To use Lucene, an application should:
Call QueryParser.parse() to build a query from a string; and
How Commercial Products Do It · My industry feelers, which are pretty good, tell me that the two leading commercial search producsts these days come from Autonomy and Verity. I just invested an hour failing to find online documentation for their APIs. You can indeed download Verity’s entire Ultraseek package on a trial-run basis, and it does indeed contain a documentation directory, but no browser here on this Macintosh would succesfully open any of the HTML files therein, so the hell with ’em.

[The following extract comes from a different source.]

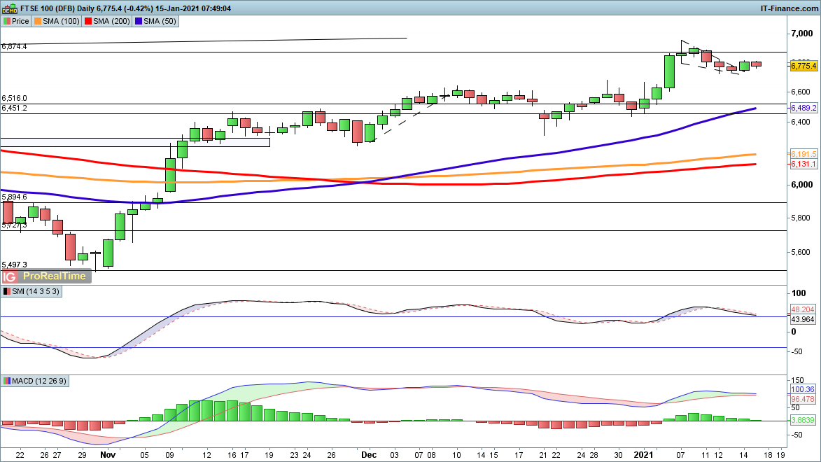 Hopes of continued gains for the FTSE 100 have been dashed so far, as the breakout from the bullish wedge fails to make further progress. A reversal below 6700 is a bearish development and brings 6600 into view. A more bullish outlook would come with a move above 6815 that could then bring 6915 into view.

I do have considerable experience in this area, though, and can testify that most of the APIs out there look quite a bit like the Lucene example, if perhaps less well-factored and well-thought-out. Which is only to say that Lucene, coming to the game a decade later, has learned the lessons of its predecessors, something that Open Source is generally good at.
What’s Wrong with This Picture? ·
I think Lucene’s API is well thought out, but there are not one but two
elephants in the room that it’s trying hard to ignore.
The first is the fact that the world contains many who are not members of the
Church of Java, who will be left cool by the notion of, for example,
“converting from text from a
java.io.Reader into a
The second elephant is the Web. Suppose I don’t want to write Java code, I
just want to tell my website to index this directory.
A pure Web interface would solve both these problems, but first a few words on
what that means.
Web Architecture Revisited ·
In Web Architecture, nothing
exists unless it’s a Resource, identified by a URI.
Web protocols, chiefly HTTP, offer a simple set of stateless methods for
interacting with resources:
GET retrieves representations
without changing anything,
POST changes resource state,
PUT sends a new representation, and
you get the idea.
These days, most search is de facto on and of the Web. I find that I can easily think of a search engine as a Web resource that allows you to add and update document info and postings. While most search services, historically, have kept postings out of sight under the covers, I think it makes all sorts of sense to expose them as the basic public API object. I’ll discuss the reasons below, but first let’s sketch out what a pure Web search API might look like.
This is easy; there is rough consensus among search engines on what a query
should look like: quotes mark
"phrase searches", you use “+”
to say a word
must +occur and “-” to
You URI-restrict searches like so:
Down the road, you might want to support something like XPath or even XQuery,
but that would work fine through a Web interface too.
So a search engine would publicize a URI that you could use HTTP
GET on to run searches; arguments would be
mr for maximum results, and
So a complete search request might look like:
What’s the result of running such a query? Well, for your users you’d like a nice HTML page that you’ve fixed up with your favorite Website constructor, be it PHP or Asp.NET or JSP or whatever. So let’s have our search return a simple chunk of XML with no particular concern for templating or HTML beautification, designed to make it easy for the PHP-heads and Asp.NET bigots and JSP partisans to parse and feed through their own templating engines.
Here’s an example of a very short result list. To make sense of it, you might want to go and review the Basic Basics entry in this series, that explains what a posting is.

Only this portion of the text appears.